▶ [THE PROBLEM] Quote all of the data exactly as given. Skip every picture it contains.

▶ [EXERCISE MATERIALS]
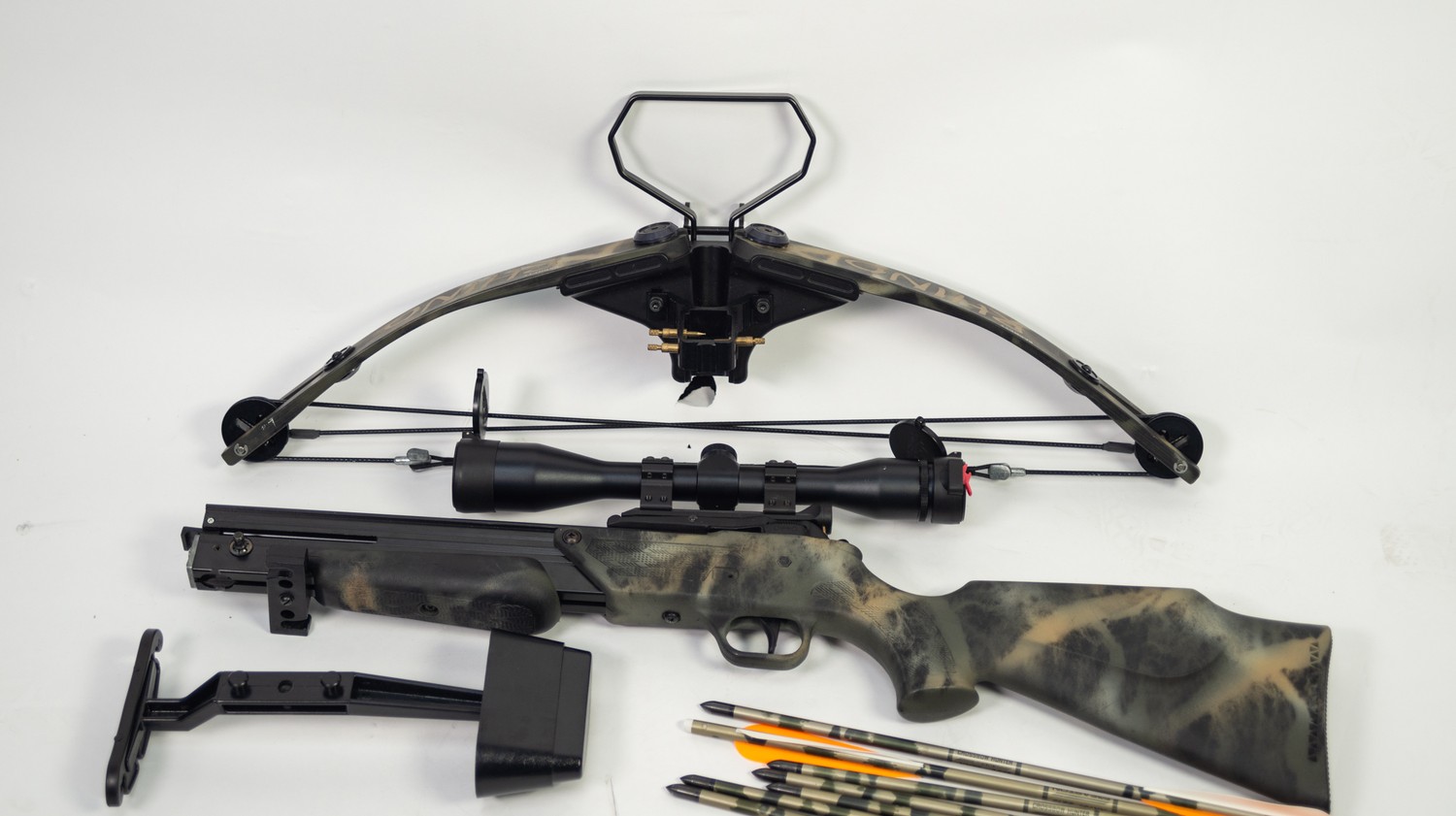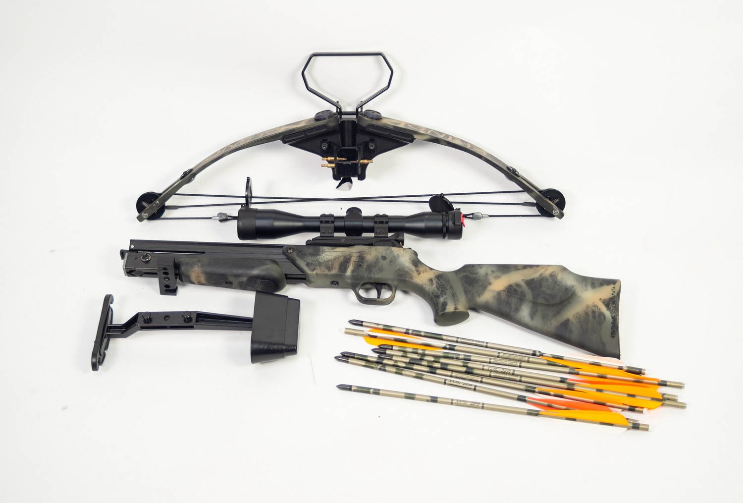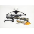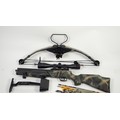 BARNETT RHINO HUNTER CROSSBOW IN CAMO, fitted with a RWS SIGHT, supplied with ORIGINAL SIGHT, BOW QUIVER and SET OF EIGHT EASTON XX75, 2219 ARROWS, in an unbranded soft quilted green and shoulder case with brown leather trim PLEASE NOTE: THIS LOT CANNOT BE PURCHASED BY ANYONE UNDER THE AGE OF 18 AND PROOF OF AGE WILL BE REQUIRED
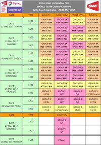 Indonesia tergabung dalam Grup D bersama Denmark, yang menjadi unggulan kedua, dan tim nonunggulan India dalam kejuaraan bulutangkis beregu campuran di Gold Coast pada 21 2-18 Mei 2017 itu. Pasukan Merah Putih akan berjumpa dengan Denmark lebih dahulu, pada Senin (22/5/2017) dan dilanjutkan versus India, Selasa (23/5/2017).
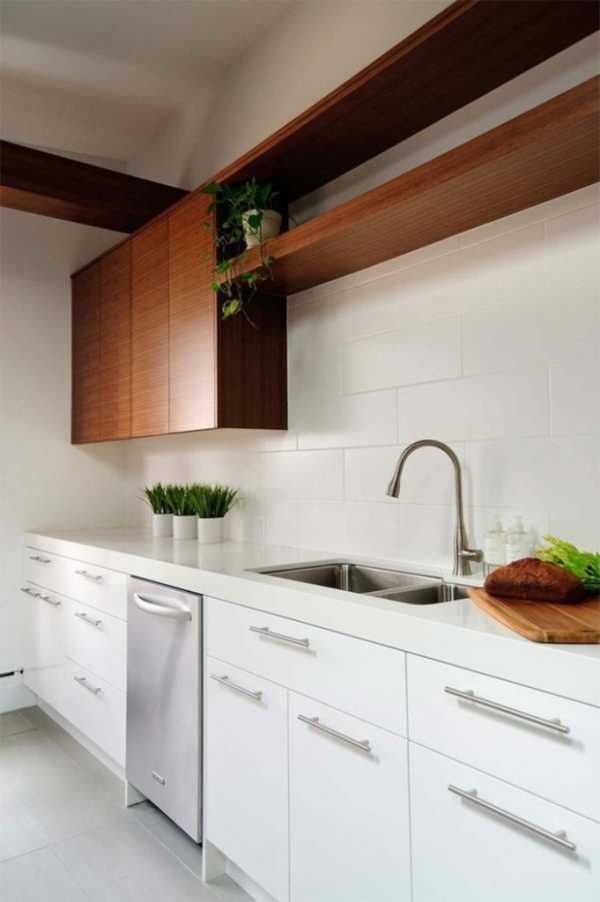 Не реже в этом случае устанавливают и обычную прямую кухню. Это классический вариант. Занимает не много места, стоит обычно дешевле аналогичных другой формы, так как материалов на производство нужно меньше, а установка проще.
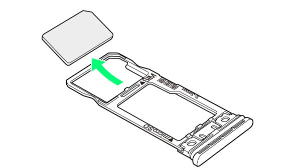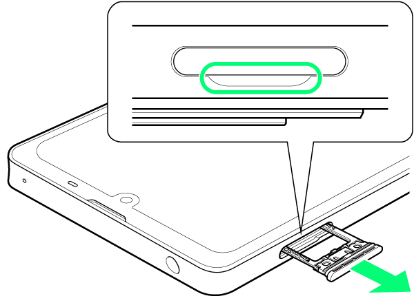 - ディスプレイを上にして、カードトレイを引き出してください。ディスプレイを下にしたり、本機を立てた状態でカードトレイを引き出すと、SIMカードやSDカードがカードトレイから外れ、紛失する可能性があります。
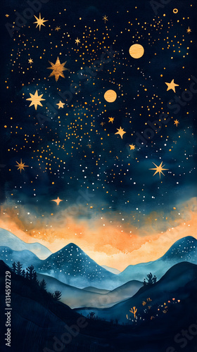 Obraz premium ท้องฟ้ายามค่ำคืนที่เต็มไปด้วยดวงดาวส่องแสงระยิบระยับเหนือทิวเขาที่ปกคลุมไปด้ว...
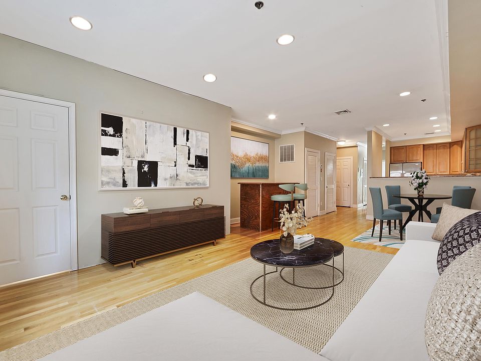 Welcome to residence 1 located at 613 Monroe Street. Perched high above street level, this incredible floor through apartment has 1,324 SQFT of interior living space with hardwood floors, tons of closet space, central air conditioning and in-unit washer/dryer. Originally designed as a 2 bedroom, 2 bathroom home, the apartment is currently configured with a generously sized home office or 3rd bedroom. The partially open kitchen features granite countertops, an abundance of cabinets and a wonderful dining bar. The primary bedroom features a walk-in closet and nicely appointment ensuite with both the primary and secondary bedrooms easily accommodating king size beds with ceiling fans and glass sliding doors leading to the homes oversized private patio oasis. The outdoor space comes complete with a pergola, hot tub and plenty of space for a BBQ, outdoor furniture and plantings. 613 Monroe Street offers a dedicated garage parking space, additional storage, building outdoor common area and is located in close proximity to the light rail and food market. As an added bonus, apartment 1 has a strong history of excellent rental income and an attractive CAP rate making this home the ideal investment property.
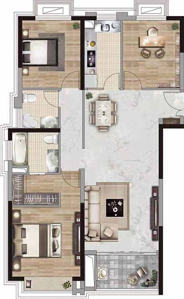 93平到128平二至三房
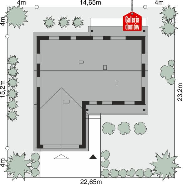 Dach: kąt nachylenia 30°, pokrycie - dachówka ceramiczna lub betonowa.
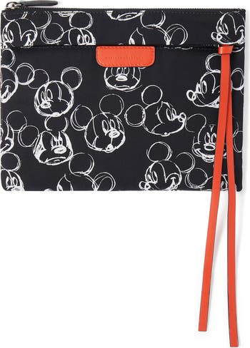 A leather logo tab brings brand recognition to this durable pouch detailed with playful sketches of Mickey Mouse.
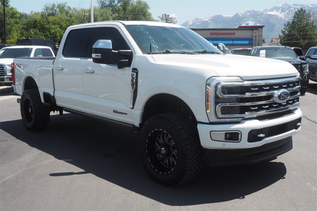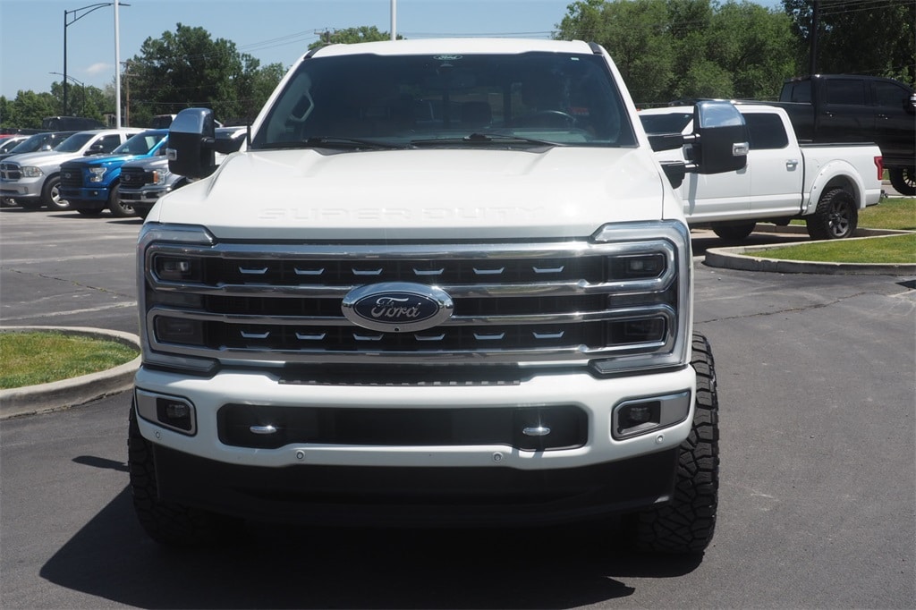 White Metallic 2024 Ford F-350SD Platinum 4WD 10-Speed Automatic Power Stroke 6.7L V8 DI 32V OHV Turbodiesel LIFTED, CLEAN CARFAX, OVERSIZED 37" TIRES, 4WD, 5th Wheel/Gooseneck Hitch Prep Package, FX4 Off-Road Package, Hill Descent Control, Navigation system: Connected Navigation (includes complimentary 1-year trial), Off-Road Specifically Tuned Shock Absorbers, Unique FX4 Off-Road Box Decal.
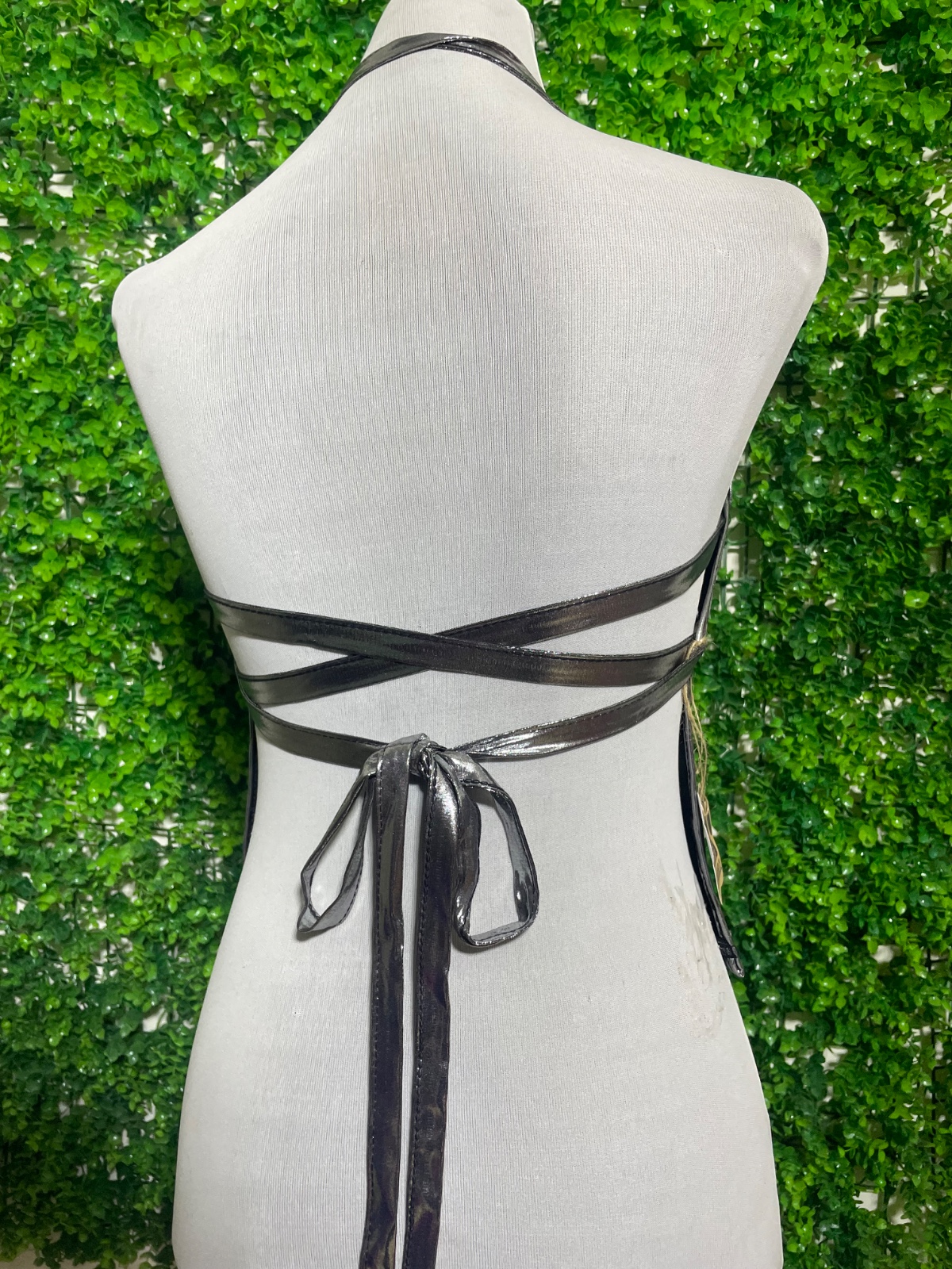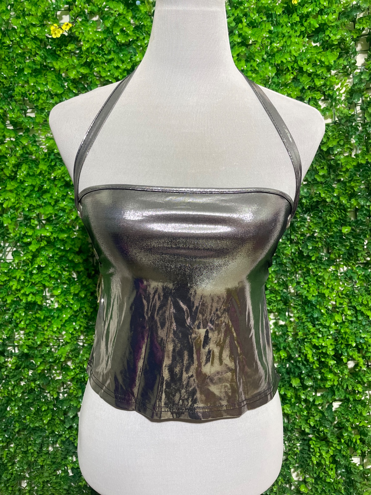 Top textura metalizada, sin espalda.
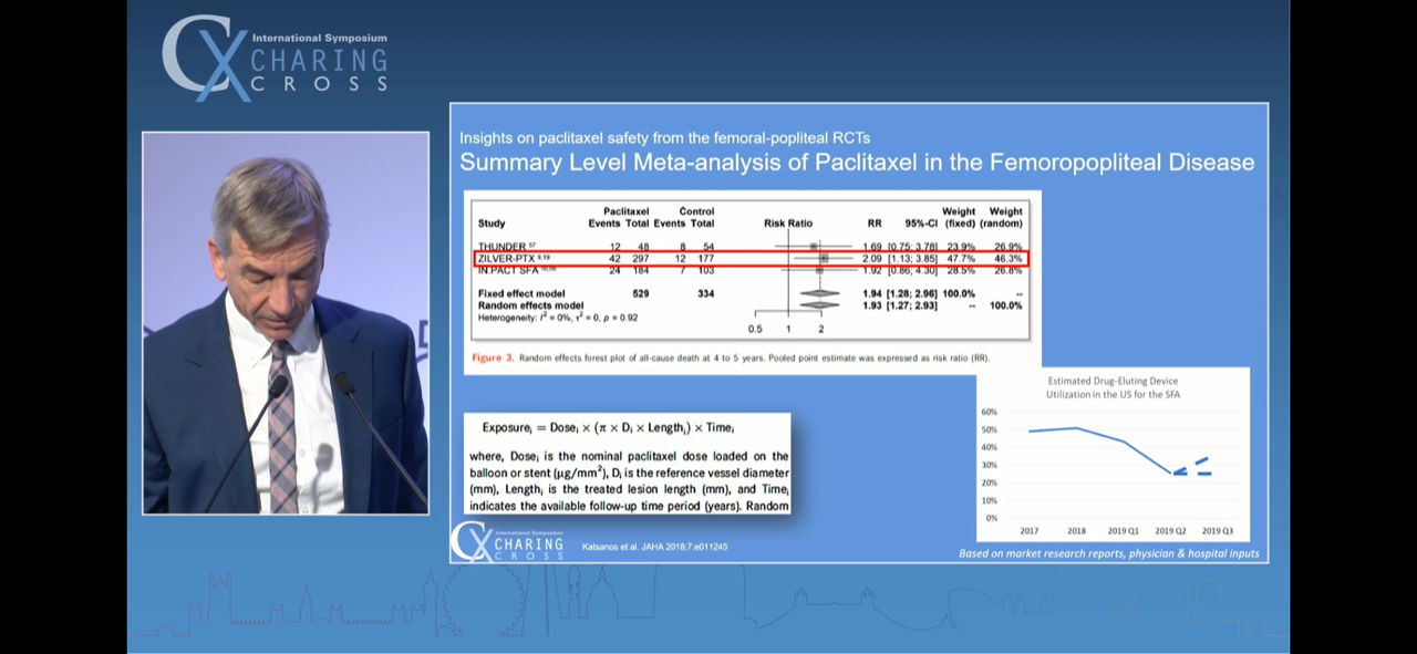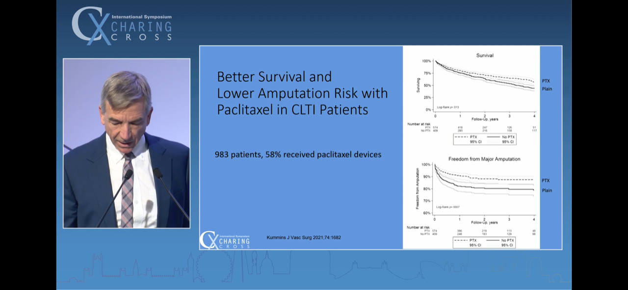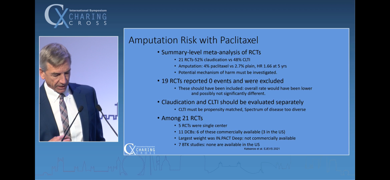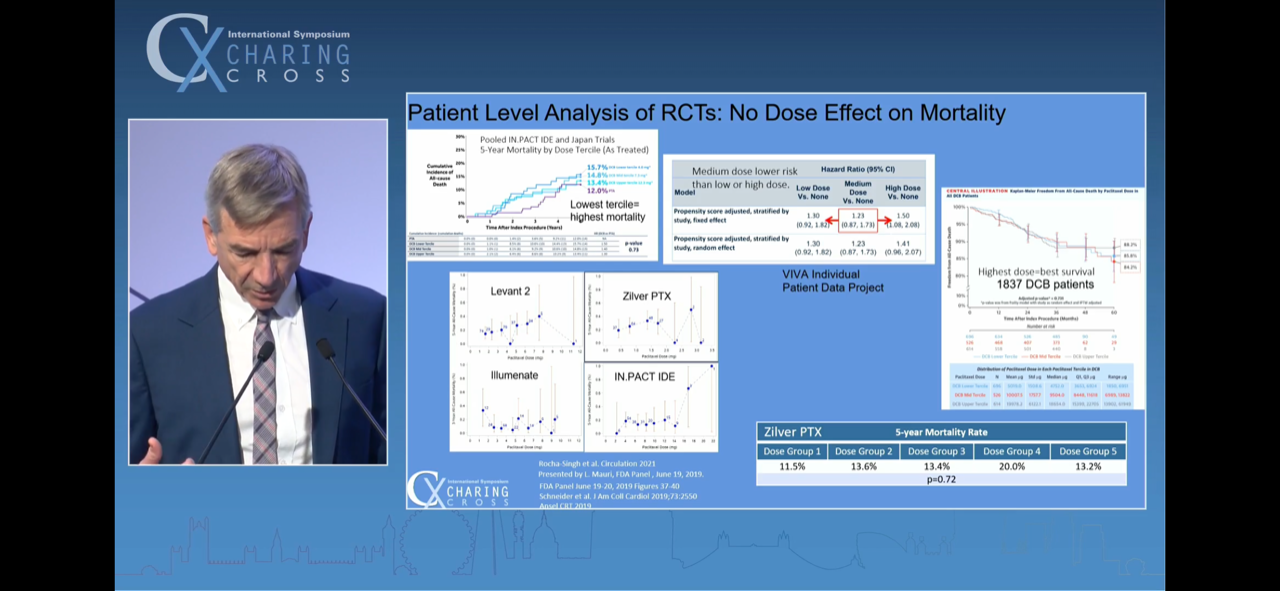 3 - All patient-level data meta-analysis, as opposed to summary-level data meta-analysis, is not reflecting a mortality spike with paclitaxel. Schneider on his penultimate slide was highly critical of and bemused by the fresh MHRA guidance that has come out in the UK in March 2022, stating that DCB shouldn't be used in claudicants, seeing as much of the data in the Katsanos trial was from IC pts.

▶ [YOUR RESPONSE]
 BARNETT RHINO HUNTER CROSSBOW IN CAMO, fitted with a RWS SIGHT, supplied with ORIGINAL SIGHT, BOW QUIVER and SET OF EIGHT EASTON XX75, 2219 ARROWS, in an unbranded soft quilted green and shoulder case with brown leather trim PLEASE NOTE: THIS LOT CANNOT BE PURCHASED BY ANYONE UNDER THE AGE OF 18 AND PROOF OF AGE WILL BE REQUIRED
 Indonesia tergabung dalam Grup D bersama Denmark, yang menjadi unggulan kedua, dan tim nonunggulan India dalam kejuaraan bulutangkis beregu campuran di Gold Coast pada 21 2-18 Mei 2017 itu. Pasukan Merah Putih akan berjumpa dengan Denmark lebih dahulu, pada Senin (22/5/2017) dan dilanjutkan versus India, Selasa (23/5/2017).
 Не реже в этом случае устанавливают и обычную прямую кухню. Это классический вариант. Занимает не много места, стоит обычно дешевле аналогичных другой формы, так как материалов на производство нужно меньше, а установка проще.
 - ディスプレイを上にして、カードトレイを引き出してください。ディスプレイを下にしたり、本機を立てた状態でカードトレイを引き出すと、SIMカードやSDカードがカードトレイから外れ、紛失する可能性があります。
 Obraz premium ท้องฟ้ายามค่ำคืนที่เต็มไปด้วยดวงดาวส่องแสงระยิบระยับเหนือทิวเขาที่ปกคลุมไปด้ว...
 Welcome to residence 1 located at 613 Monroe Street. Perched high above street level, this incredible floor through apartment has 1,324 SQFT of interior living space with hardwood floors, tons of closet space, central air conditioning and in-unit washer/dryer. Originally designed as a 2 bedroom, 2 bathroom home, the apartment is currently configured with a generously sized home office or 3rd bedroom. The partially open kitchen features granite countertops, an abundance of cabinets and a wonderful dining bar. The primary bedroom features a walk-in closet and nicely appointment ensuite with both the primary and secondary bedrooms easily accommodating king size beds with ceiling fans and glass sliding doors leading to the homes oversized private patio oasis. The outdoor space comes complete with a pergola, hot tub and plenty of space for a BBQ, outdoor furniture and plantings. 613 Monroe Street offers a dedicated garage parking space, additional storage, building outdoor common area and is located in close proximity to the light rail and food market. As an added bonus, apartment 1 has a strong history of excellent rental income and an attractive CAP rate making this home the ideal investment property.
 93平到128平二至三房
 Dach: kąt nachylenia 30°, pokrycie - dachówka ceramiczna lub betonowa.
 A leather logo tab brings brand recognition to this durable pouch detailed with playful sketches of Mickey Mouse.
 White Metallic 2024 Ford F-350SD Platinum 4WD 10-Speed Automatic Power Stroke 6.7L V8 DI 32V OHV Turbodiesel LIFTED, CLEAN CARFAX, OVERSIZED 37" TIRES, 4WD, 5th Wheel/Gooseneck Hitch Prep Package, FX4 Off-Road Package, Hill Descent Control, Navigation system: Connected Navigation (includes complimentary 1-year trial), Off-Road Specifically Tuned Shock Absorbers, Unique FX4 Off-Road Box Decal.
 Top textura metalizada, sin espalda.
 3 - All patient-level data meta-analysis, as opposed to summary-level data meta-analysis, is not reflecting a mortality spike with paclitaxel. Schneider on his penultimate slide was highly critical of and bemused by the fresh MHRA guidance that has come out in the UK in March 2022, stating that DCB shouldn't be used in claudicants, seeing as much of the data in the Katsanos trial was from IC pts.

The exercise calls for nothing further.